▶ Given data
>>>>

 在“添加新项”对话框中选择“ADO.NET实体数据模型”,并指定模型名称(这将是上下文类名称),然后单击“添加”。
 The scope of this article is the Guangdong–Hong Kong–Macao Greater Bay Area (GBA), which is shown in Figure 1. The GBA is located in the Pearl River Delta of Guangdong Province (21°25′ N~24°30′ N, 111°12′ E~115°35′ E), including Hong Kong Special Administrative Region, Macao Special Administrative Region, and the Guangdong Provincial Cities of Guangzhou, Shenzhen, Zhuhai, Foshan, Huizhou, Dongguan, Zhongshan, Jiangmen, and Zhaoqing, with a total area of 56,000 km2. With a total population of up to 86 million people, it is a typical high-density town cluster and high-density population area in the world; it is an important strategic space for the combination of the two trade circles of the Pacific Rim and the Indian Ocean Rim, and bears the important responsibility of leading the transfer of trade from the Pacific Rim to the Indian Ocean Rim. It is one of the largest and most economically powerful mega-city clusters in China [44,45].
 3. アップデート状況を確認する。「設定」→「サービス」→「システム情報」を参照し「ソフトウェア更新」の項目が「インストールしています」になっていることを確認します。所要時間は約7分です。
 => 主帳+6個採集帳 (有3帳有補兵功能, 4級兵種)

<<<<
>>>>

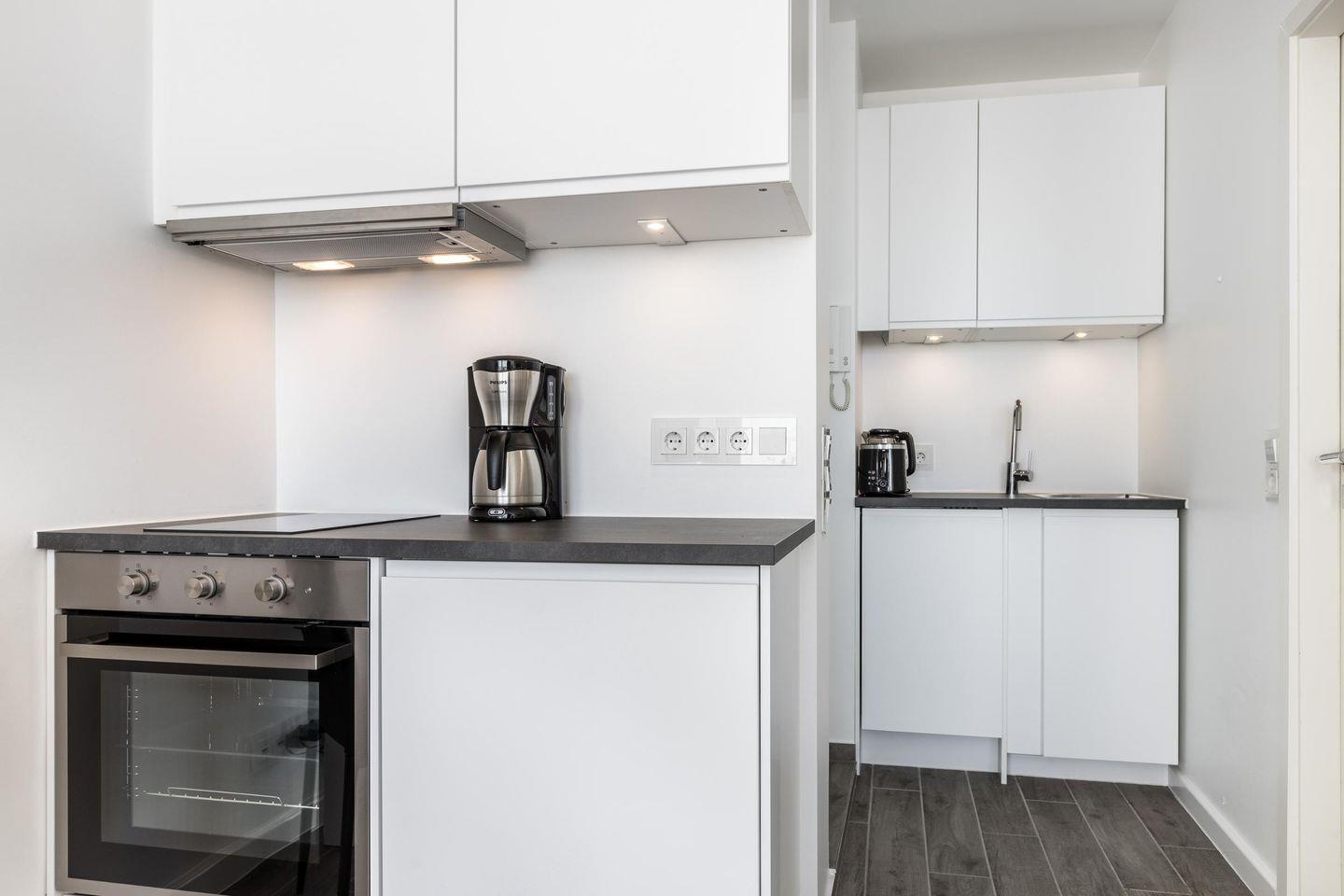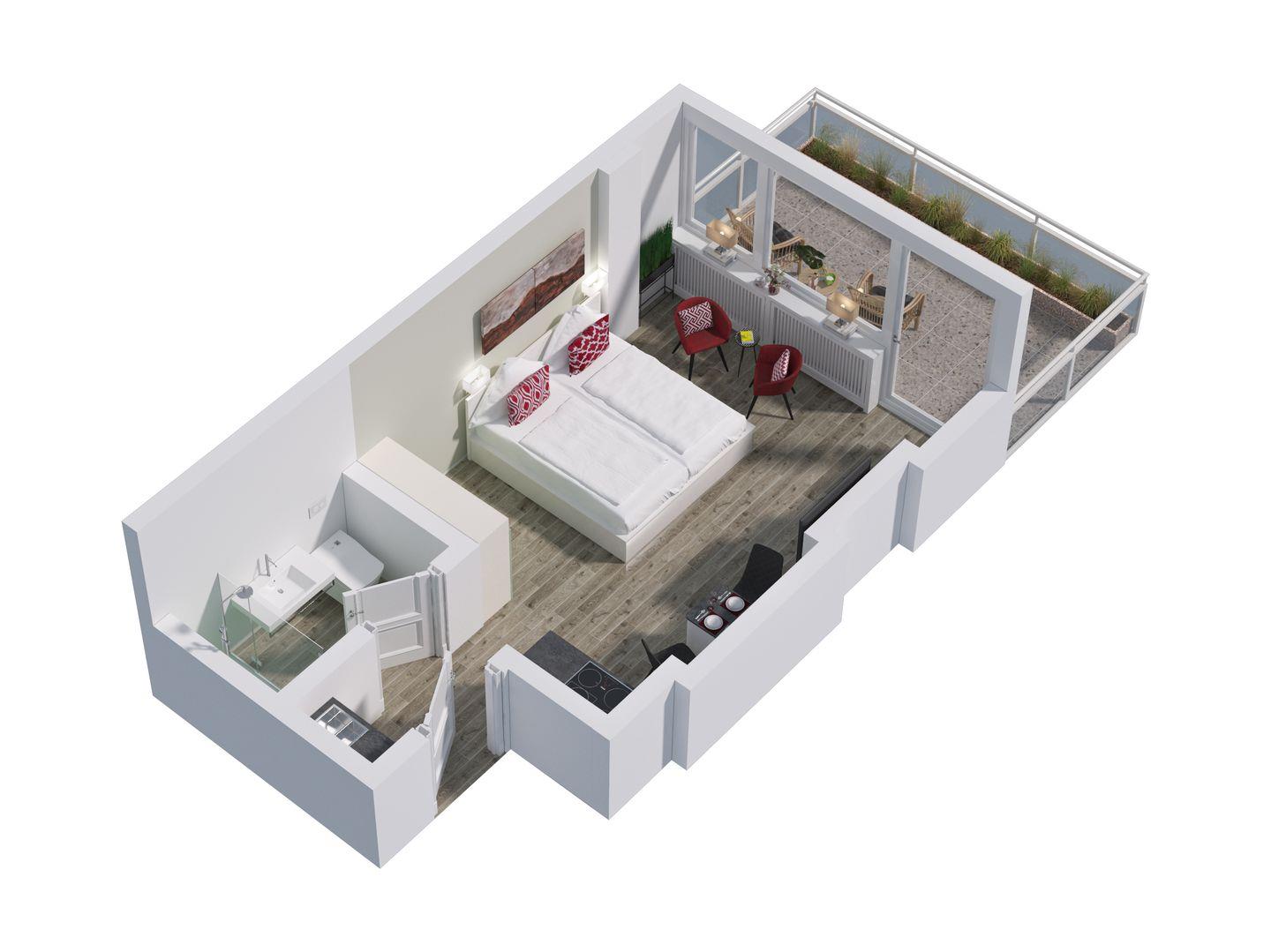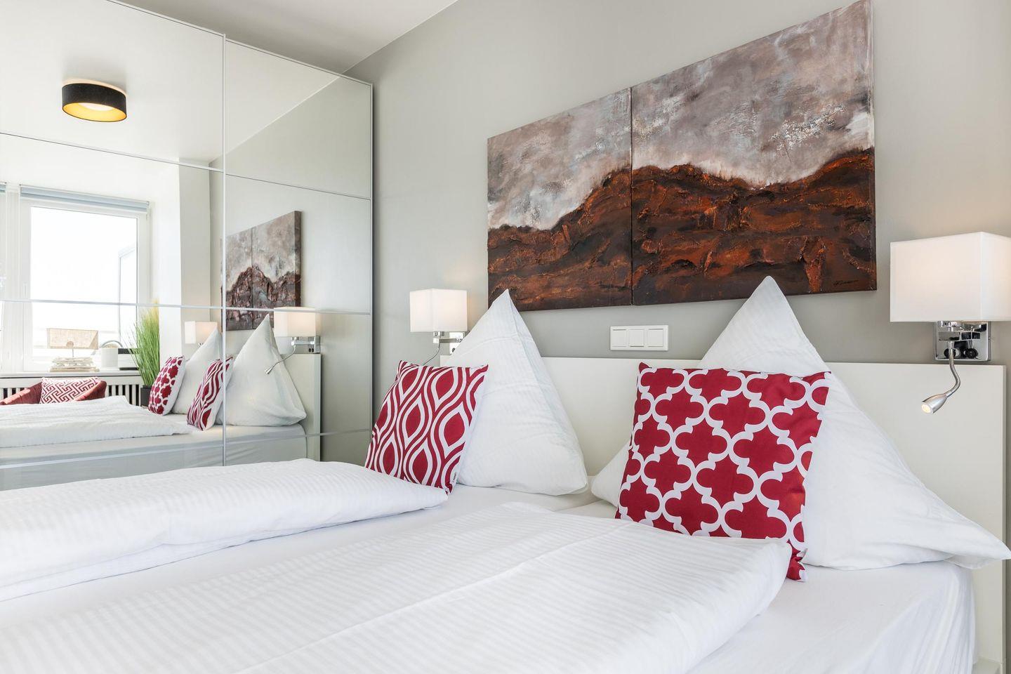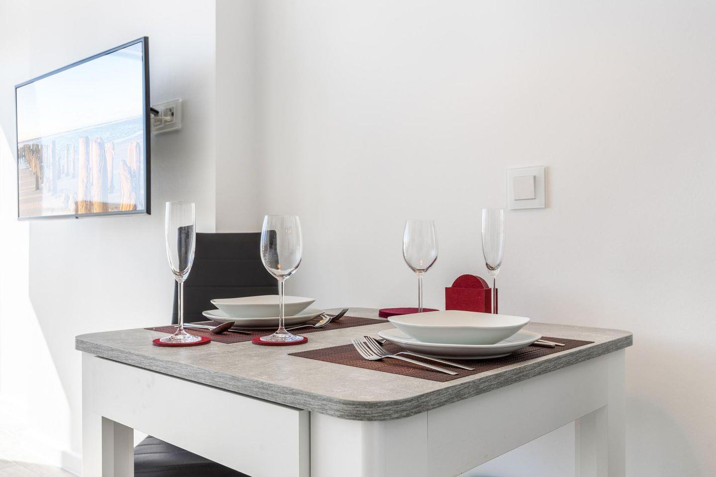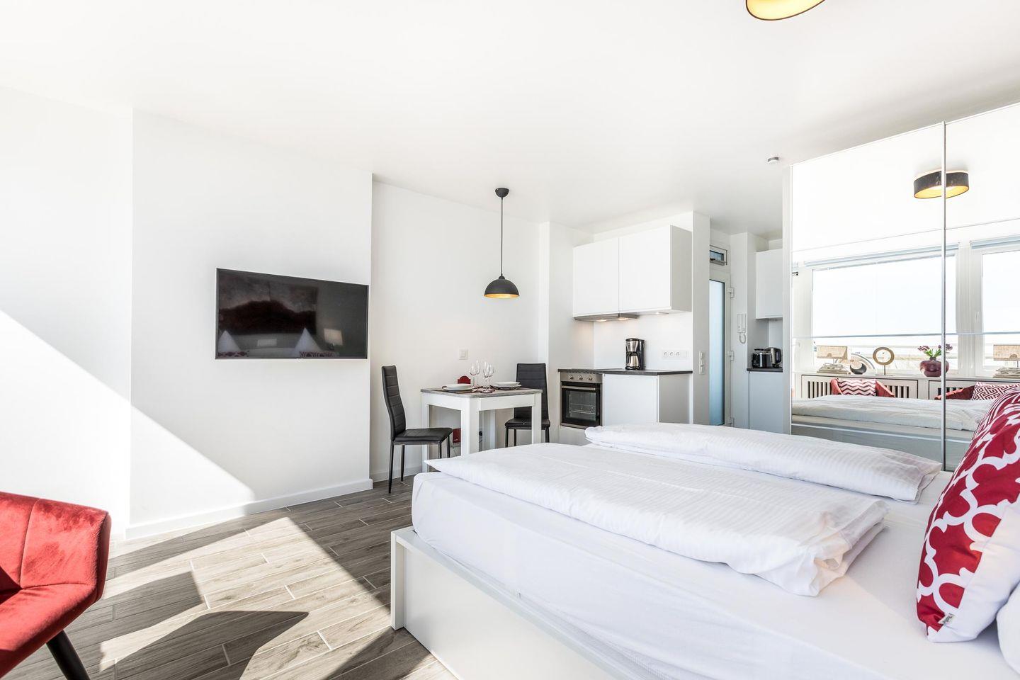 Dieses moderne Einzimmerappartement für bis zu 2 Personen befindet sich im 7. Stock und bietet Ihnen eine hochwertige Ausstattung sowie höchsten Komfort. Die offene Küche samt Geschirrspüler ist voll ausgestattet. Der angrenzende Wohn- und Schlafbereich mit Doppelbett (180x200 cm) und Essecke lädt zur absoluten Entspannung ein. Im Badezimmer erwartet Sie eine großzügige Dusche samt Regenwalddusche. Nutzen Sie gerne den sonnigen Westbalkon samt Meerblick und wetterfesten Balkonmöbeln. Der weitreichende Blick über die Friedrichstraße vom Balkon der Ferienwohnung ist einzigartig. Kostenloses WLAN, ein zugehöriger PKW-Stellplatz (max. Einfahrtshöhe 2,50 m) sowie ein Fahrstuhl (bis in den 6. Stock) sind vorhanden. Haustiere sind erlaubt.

<<<<

▶ Task item
Only the lines above starting with the one with "3. アップデート状況を確認" and going through the one with "主帳+6個採集帳 (有3帳有補兵功能, 4級兵種)" are to be copied, word for word and with both ends kept.

▶ Final answer
 3. アップデート状況を確認する。「設定」→「サービス」→「システム情報」を参照し「ソフトウェア更新」の項目が「インストールしています」になっていることを確認します。所要時間は約7分です。
 => 主帳+6個採集帳 (有3帳有補兵功能, 4級兵種)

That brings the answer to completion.